DATA FOR THIS TASK:
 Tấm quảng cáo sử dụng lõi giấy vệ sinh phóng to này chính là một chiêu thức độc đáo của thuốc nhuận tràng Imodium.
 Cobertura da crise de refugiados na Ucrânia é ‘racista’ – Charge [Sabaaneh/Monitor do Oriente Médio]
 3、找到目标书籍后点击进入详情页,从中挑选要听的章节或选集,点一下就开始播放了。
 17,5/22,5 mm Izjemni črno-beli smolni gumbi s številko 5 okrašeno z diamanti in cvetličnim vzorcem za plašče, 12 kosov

--

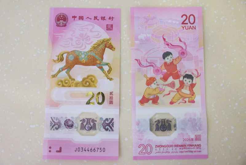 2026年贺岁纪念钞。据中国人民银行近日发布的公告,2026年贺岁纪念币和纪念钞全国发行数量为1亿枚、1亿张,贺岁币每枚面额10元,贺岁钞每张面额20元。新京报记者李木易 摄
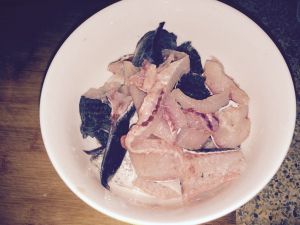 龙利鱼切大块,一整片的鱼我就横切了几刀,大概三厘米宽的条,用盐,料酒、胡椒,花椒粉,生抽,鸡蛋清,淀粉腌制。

--

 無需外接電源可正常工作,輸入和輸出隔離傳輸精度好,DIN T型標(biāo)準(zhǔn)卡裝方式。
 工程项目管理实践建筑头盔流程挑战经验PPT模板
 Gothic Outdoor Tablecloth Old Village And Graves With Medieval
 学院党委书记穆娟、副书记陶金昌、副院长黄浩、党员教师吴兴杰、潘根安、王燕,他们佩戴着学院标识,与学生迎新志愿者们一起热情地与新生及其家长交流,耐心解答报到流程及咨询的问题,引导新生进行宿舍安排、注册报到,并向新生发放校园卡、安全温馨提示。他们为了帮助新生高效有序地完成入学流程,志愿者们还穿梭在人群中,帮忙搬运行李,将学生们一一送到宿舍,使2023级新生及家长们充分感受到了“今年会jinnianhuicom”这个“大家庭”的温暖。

REQUIRED WORK: Copy out the lines above exactly, beginning at the one that contains "無需外接電源可正常工作,輸入" and ending at the one that contains "学院党委书记穆娟、副书记陶金".

RESPONSE BELOW:
 無需外接電源可正常工作,輸入和輸出隔離傳輸精度好,DIN T型標(biāo)準(zhǔn)卡裝方式。
 工程项目管理实践建筑头盔流程挑战经验PPT模板
 Gothic Outdoor Tablecloth Old Village And Graves With Medieval
 学院党委书记穆娟、副书记陶金昌、副院长黄浩、党员教师吴兴杰、潘根安、王燕,他们佩戴着学院标识,与学生迎新志愿者们一起热情地与新生及其家长交流,耐心解答报到流程及咨询的问题,引导新生进行宿舍安排、注册报到,并向新生发放校园卡、安全温馨提示。他们为了帮助新生高效有序地完成入学流程,志愿者们还穿梭在人群中,帮忙搬运行李,将学生们一一送到宿舍,使2023级新生及家长们充分感受到了“今年会jinnianhuicom”这个“大家庭”的温暖。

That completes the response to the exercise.